Özdemir selbst hatte sich ganz auf Festzelt seingestellt . Der dankte für die Ehrte dieses Auftritts, wo er sich doch scheinbar im politisches Ausklingbecken“ befände. Er sah auch verwandschaften zwischen sich und Schreier und sorgar zum anwesenden CDU-Bundestagsabgeordneten Andreas Jung: „Wir haben richtig gute Ideen, aber keiner hört uns richtig zu, in unseren Parteien.“

Özdemir bemerkte, dass die Berufe, die hierzulande mit Menschen zu tun hätten, also ErzieherInnen, Kranken- oder Altenpflegerinnen immer schlechter bewertet würden als andere. Wies anders gemacht werden könnte, was mehr als eine Dankeschön erforderte, verriet er aber nicht. Doch schon für die Erwähnung des Themas gabs dicken Applaus.

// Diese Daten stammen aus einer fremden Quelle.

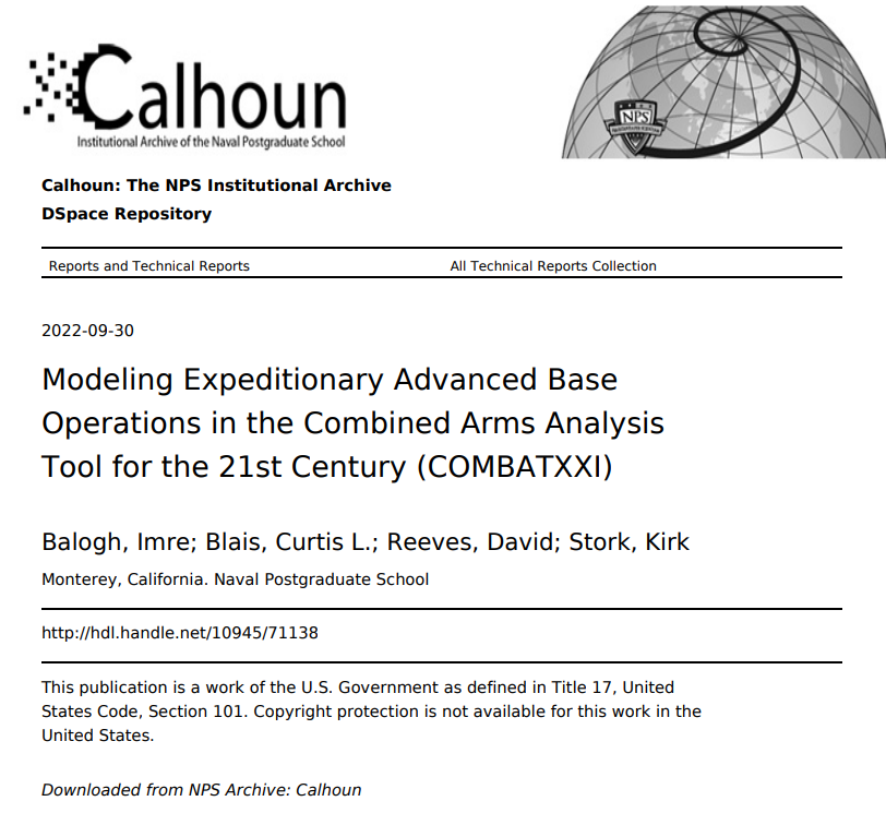 美国海军陆战队(USMC)正在进行组织和行动上的变革,以适应当今世界新的作战要求。美国海军陆战队部队设计2030描述了新的概念,如远征先进基地作战(EABO),需要对部队结构、任务和作战能力进行审查。为了检查和评估新的作战概念、部队结构、武器系统、战术、技术和程序,以及其他适应这种行动的措施,美国海军陆战队需要能够代表与这些预期变化有关的全部变化的模型和模拟。在过去的20年里,COMBATXXI拥有许多研究这些新概念所需的基本表现,但在一些关键领域缺乏现实的表现,例如在研究海上拦截的新作用的关键方面所需的海上水面战斗人员的表现。这种表述需要对这些平台进行识别、瞄准和评估损害,以确定其继续执行作战任务的能力。需要开展工作,审查与EABO有关的新概念,并利用COMBATXXI模拟确定相关的建模方法。

Als Verkehrspolitischer Sprecher der Grünen in der Bundestagsfraktion war seine Liste der Klagen über den nun dritten Verkehrsminister der CSU lang, das übertrifft für ihn gefühlt sogar die sieben Biblischen Plagen. Dabei seien die Aufgaben doch klar definiert: endlich schnelles Internet für alle, endlich weniger Funklöcher, und endlich elektrifizierte Bahnstrecken. Als Verkehrspolitiker sei er da von Neid erfüllt, wenn er Besuch aus der Schweiz bekomme: Denn da habe er das Gefühl als ob die erste die Dritte Welt besuche, besonders in Bahnfragen. Denn während in Deutschland in den letzten Jahren 5.400 Kilometer Bahnstrecken stillgelegt worden seien, habe man dort das Netz ausgebaut. Und während in Deutschland selbst noch auf 3.200 Stellwerke „zum Teil noch in einer Struktur aus wilhelminischer Zeit“, gebe es in der Schweiz nur noch vier digitale Leitstellen für den Bahnverkehr. Wenn man nur die Gäubahn betrachte, müsse man sich nur nach an den Kopf langen. Da müsse sich schon bald was ändern, und die A 81 sei keine Lösung für das Problem.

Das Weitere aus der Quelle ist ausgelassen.